**About this exercise:**
Please retype the data below exactly, stopping after the line with "Gray Steel Vintage" and skipping every picture.

(Exercise data Opens)

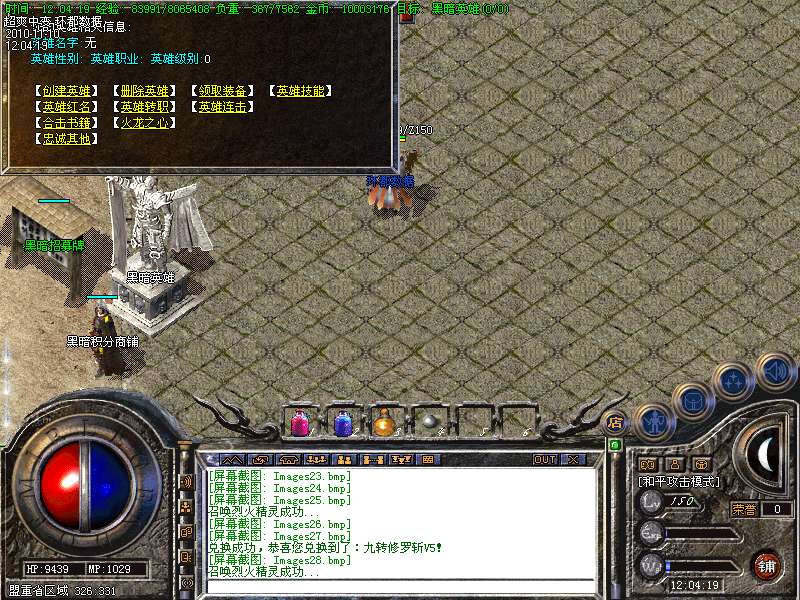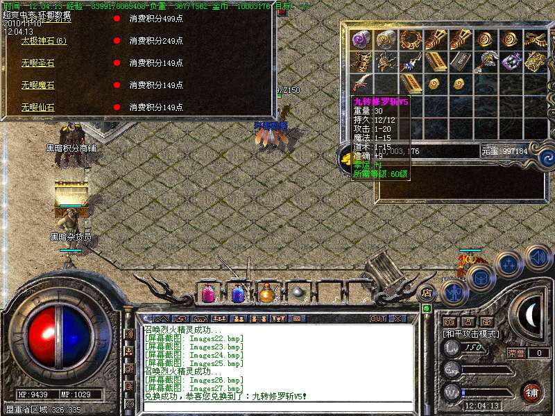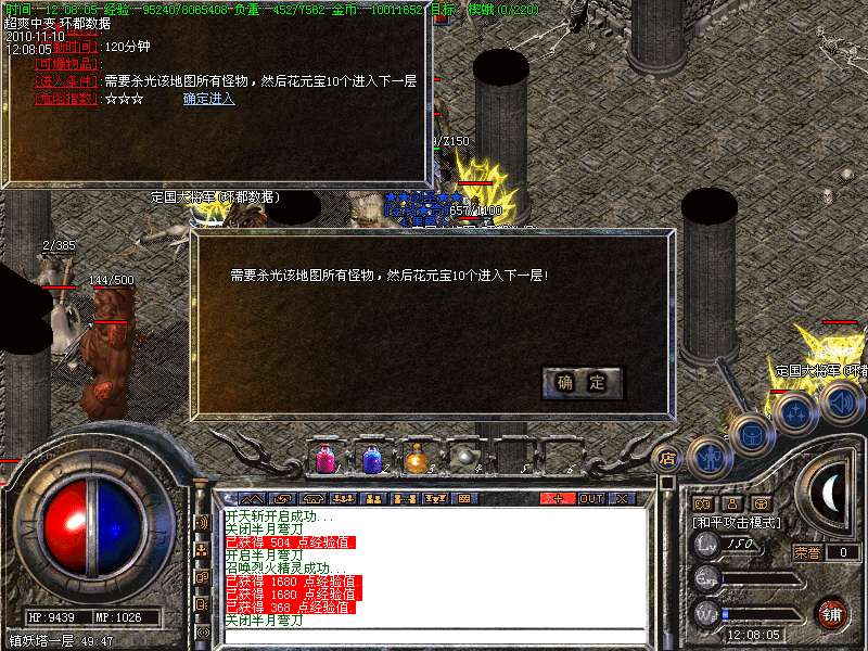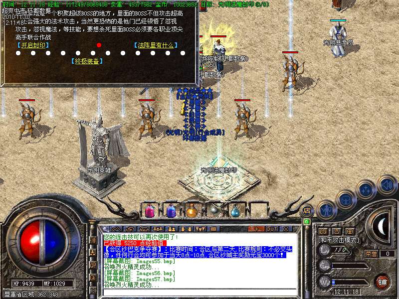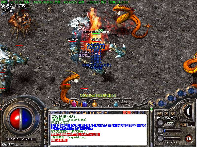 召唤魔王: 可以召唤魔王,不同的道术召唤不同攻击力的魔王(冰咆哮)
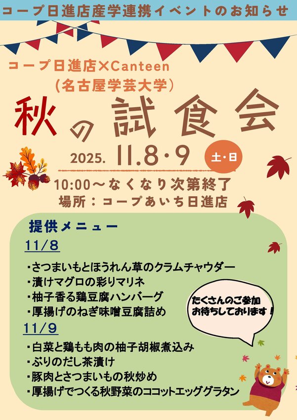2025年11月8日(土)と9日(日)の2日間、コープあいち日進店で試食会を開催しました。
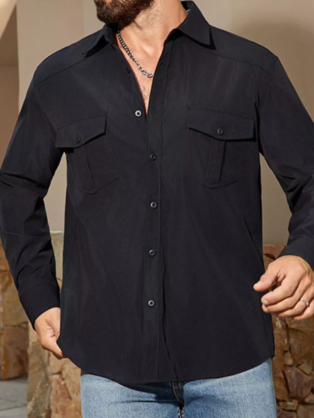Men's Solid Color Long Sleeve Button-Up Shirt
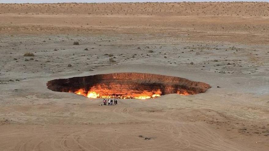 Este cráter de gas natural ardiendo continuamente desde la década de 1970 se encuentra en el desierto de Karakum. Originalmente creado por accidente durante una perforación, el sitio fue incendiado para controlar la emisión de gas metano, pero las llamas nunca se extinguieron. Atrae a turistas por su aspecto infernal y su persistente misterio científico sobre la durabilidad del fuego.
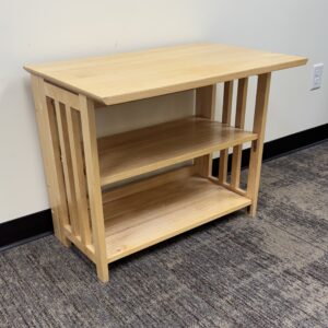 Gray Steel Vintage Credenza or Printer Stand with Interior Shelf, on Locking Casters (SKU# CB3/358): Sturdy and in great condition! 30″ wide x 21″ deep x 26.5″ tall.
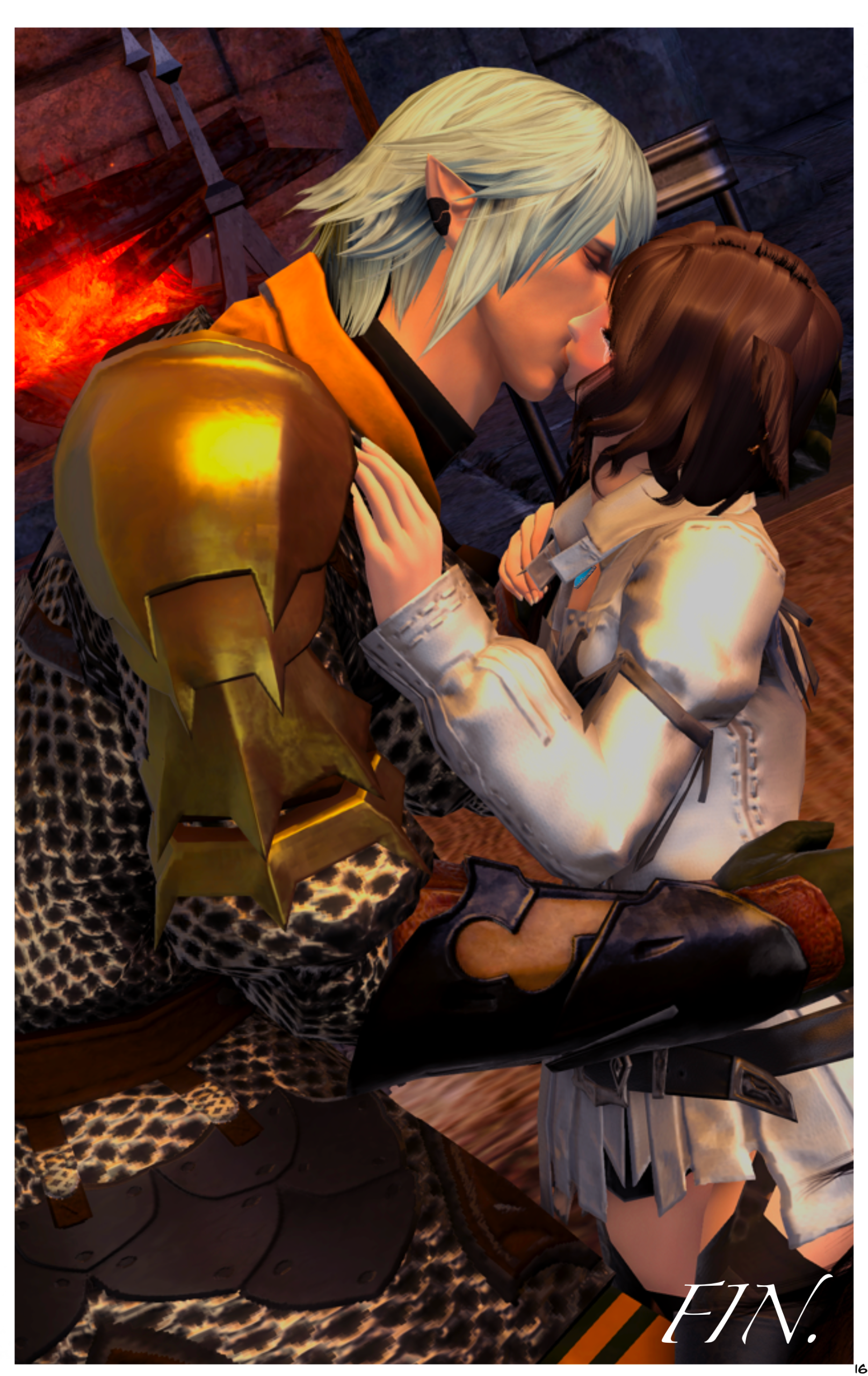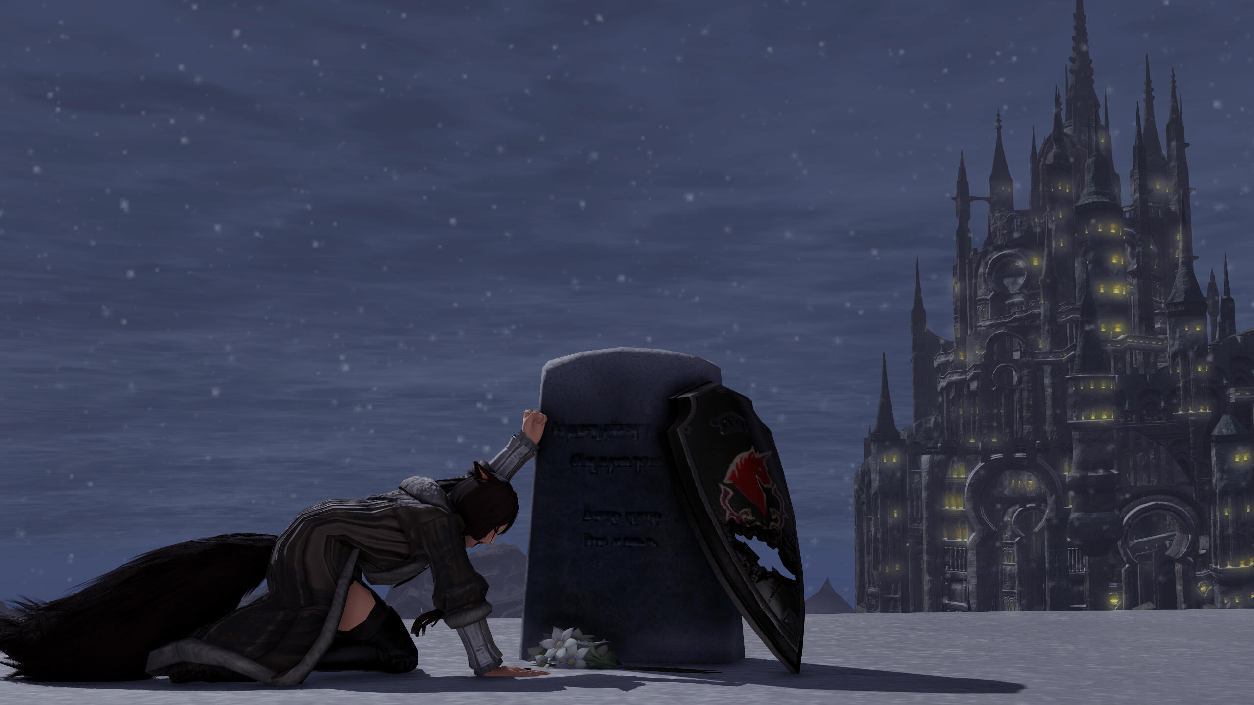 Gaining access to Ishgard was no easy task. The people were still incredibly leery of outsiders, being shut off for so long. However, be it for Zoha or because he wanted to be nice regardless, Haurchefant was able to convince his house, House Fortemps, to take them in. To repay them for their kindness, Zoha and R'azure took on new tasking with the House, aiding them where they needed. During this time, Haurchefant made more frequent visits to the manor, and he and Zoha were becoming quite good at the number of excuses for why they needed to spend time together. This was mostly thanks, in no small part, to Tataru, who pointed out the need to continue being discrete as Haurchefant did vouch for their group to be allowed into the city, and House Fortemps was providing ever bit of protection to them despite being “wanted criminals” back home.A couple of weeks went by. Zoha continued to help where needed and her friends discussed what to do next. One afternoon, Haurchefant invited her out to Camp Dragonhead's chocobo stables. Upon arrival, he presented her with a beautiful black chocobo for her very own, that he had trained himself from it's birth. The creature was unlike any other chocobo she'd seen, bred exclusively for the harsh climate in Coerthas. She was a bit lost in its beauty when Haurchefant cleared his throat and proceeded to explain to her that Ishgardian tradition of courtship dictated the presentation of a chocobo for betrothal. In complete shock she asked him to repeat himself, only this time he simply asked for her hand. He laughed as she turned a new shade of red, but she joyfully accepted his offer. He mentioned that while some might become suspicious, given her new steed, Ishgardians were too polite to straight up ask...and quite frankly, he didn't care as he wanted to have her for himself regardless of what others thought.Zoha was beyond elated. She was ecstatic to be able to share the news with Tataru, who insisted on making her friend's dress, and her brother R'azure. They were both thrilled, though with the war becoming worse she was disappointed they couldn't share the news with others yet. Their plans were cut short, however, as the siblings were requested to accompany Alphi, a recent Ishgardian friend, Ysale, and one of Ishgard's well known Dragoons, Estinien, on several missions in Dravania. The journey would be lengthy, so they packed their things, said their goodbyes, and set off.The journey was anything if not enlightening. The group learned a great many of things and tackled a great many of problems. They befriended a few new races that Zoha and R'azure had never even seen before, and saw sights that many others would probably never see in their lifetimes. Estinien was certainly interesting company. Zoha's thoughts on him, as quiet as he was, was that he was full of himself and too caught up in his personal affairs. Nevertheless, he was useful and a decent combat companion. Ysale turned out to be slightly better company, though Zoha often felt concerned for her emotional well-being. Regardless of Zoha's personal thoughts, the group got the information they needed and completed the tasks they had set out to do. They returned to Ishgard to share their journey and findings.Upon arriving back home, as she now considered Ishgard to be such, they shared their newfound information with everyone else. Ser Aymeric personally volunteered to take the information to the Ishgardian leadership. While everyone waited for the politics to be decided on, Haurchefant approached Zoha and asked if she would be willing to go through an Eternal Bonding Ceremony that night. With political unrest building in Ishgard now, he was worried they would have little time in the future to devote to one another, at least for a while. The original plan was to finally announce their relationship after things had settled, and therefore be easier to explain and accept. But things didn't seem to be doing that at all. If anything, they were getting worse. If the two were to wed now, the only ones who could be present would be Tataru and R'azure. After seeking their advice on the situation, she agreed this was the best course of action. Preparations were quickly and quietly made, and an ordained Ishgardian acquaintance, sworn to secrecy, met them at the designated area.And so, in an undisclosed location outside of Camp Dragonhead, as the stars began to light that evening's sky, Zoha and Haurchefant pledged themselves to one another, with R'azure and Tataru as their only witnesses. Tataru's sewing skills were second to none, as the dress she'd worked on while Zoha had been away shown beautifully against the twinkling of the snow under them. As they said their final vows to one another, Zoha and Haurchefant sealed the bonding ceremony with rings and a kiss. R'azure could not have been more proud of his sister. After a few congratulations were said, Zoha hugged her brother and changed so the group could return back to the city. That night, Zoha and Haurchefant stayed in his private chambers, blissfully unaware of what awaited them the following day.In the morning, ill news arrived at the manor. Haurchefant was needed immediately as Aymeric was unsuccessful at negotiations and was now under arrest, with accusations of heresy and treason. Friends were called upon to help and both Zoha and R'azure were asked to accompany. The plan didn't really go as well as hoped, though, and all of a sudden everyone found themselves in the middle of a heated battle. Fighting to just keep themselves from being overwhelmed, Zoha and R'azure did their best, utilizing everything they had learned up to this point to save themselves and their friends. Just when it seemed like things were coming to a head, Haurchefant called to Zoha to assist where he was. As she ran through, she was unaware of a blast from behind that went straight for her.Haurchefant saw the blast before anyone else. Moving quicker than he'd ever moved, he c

(Exercise data Closes)

**Task answer:**
 召唤魔王: 可以召唤魔王,不同的道术召唤不同攻击力的魔王(冰咆哮)
2025年11月8日(土)と9日(日)の2日間、コープあいち日進店で試食会を開催しました。
Men's Solid Color Long Sleeve Button-Up Shirt
 Este cráter de gas natural ardiendo continuamente desde la década de 1970 se encuentra en el desierto de Karakum. Originalmente creado por accidente durante una perforación, el sitio fue incendiado para controlar la emisión de gas metano, pero las llamas nunca se extinguieron. Atrae a turistas por su aspecto infernal y su persistente misterio científico sobre la durabilidad del fuego.
 Gray Steel Vintage Credenza or Printer Stand with Interior Shelf, on Locking Casters (SKU# CB3/358): Sturdy and in great condition! 30″ wide x 21″ deep x 26.5″ tall.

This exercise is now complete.